To sum it up, Proview (a company that is currently bankrupt and attempting to sell their company) stated that Apple used the iPad name without obtaining the proper rights to the name "iPad“. Apple insisted that they acquired the worldwide rights to the name back in 2009, but Proview argues that its Taiwanese subsidiary had no right to sell the rights to the name in China (which they reportedly registered back in 2000), and is demanding around 350 million dollars in compensation from Apple. The court in Shenzhen then sided with Proview, and offically banned the product and not only ordered it off the store shelves, but begain receiving paperwork to began banning iPad imports.
Apple has now requested that the decision (in Shanghai) be suspended until a bigger case is heard later this month, and were granted the decision. Proview now apparently is threatening to continue the battle in US courts. The win in Shenzhen will also be appealed in Guangdong High Court on February 29th, with the Shanghai judge saying that a ruling on sales in Shenzhen will not be made until the other judgement has passed.
Apple's lawer Qu Miam claims that Proview "has no market, no sales, no customers. They have nothing“, and argued that the device has only benefited China by providing jobs and tax revenes. Proviews lawyer Xie Xianghui said that those reasons were irrelevant, and that "whether people will go hungry because you cant sell iPads in China is not the issue. The court must rule according to the law. Do you absolutely have to sell the product? Can't you sell it using a different name“?
Apple then responded in a written statement and stated that "we bought Proview's worldwide rights to the iPad trademark in 10 different countries several years ago. Proview refuses to honor the agreement with Apple in China, and a Hong Kong court has sided with Apple in this matter“.

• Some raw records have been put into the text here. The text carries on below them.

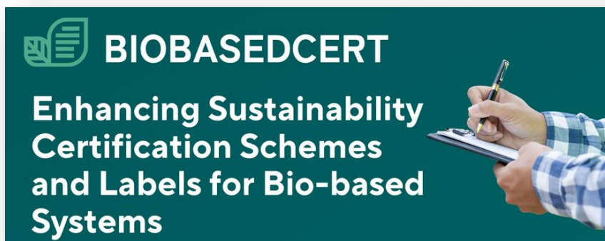
Figure 2. BIOBASEDCERT Cluster

BIOBASEDCERT Cluster is a collaboration between three Horizon Europe projects—SUSTCERT4BIOBASED, STAR4BBS, and HARMONITOR—working to enhance sustainability certification for bio-based systems. The cluster aims to provide a comprehensive overview of existing certification schemes and labels, analyze global trade data to differentiate certified and uncertified bio-based materials, assess the feasibility of selected certification schemes, and promote the adoption of effective sustainability standards among stakeholders. Through joint initiatives, including the development of the BIOBASEDCERT Monitoring Tool (BMT), the cluster contributes to harmonizing certification practices and advancing the sustainability of bio-based value chains.
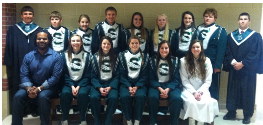
The Crossroads Conference honor band and honor choir took place on March 24th at the Edwin and Bernice Lock Theater in Central City. Fourteen students from Shickley participated in the two ensembles. Seven of the students were selected and performed in both the band and the choir.

Shickley Junior and Senior High Bands and Choirs performed a concert on Thursday, March 20th, at Shickley High School. Desserts were provided for those attending the concert by the Music Boosters. The music for the concert was all from popular genres over time. The High School Choir debuted their new choir robes, which were purchased by the Music Boosters and Shickley Public School.
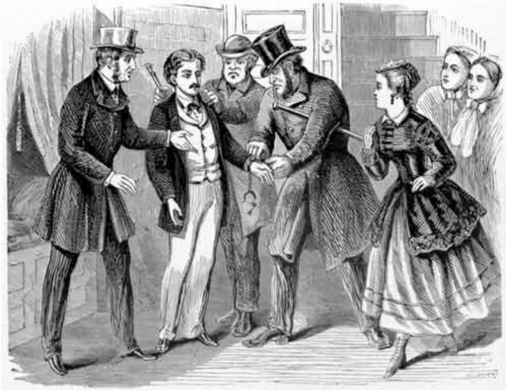
LEVI IN IRONS.—PAGE 96.

Mr. Watson and the ladies were shocked and alarmed; but not one of them for a moment doubted the innocence of Levi, who suffered himself to be ironed without resistance.
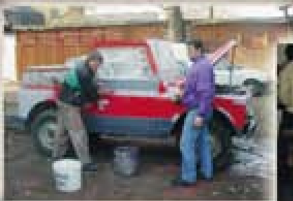
Members of the Tuzla Deaf Association repairing a car. CBD programs helped create seven jobs at the deaf association in car repair, sewing, rug cleaning, a car wash, internet center, and a café.
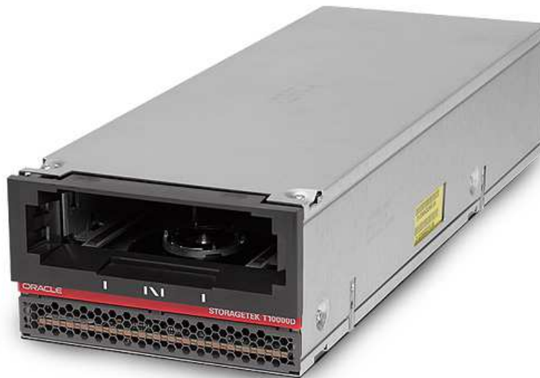
Figure 1 – StorageTek T10000D Tape Drive
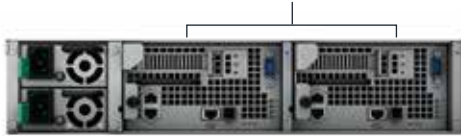
Dual controller modules
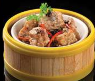
TS08 豉汁蒸排骨 Steamed Pork Ribs with Black Bean Sauce $4.20

I really don't know what's going on here, and don't want to jump to conclusions, but it's really starting to seem that Proview is just out to make a quick buck. Considering they are completely bankrupt and currently without any other way to generate cash, it backs up the theory even more. But Apple has one thing in common with Google that Proview should really be aware of. It's not smartphones, it's not tablet's, but an insanely good legal team.
Surely Proview must have known this before going toe to toe with the company with more money in the bank than the US treasury, which makes me really wonder if they do in fact have a case? Either way, it seems we'll find out how this will end soon, with court decisions on the issue expected in the coming weeks.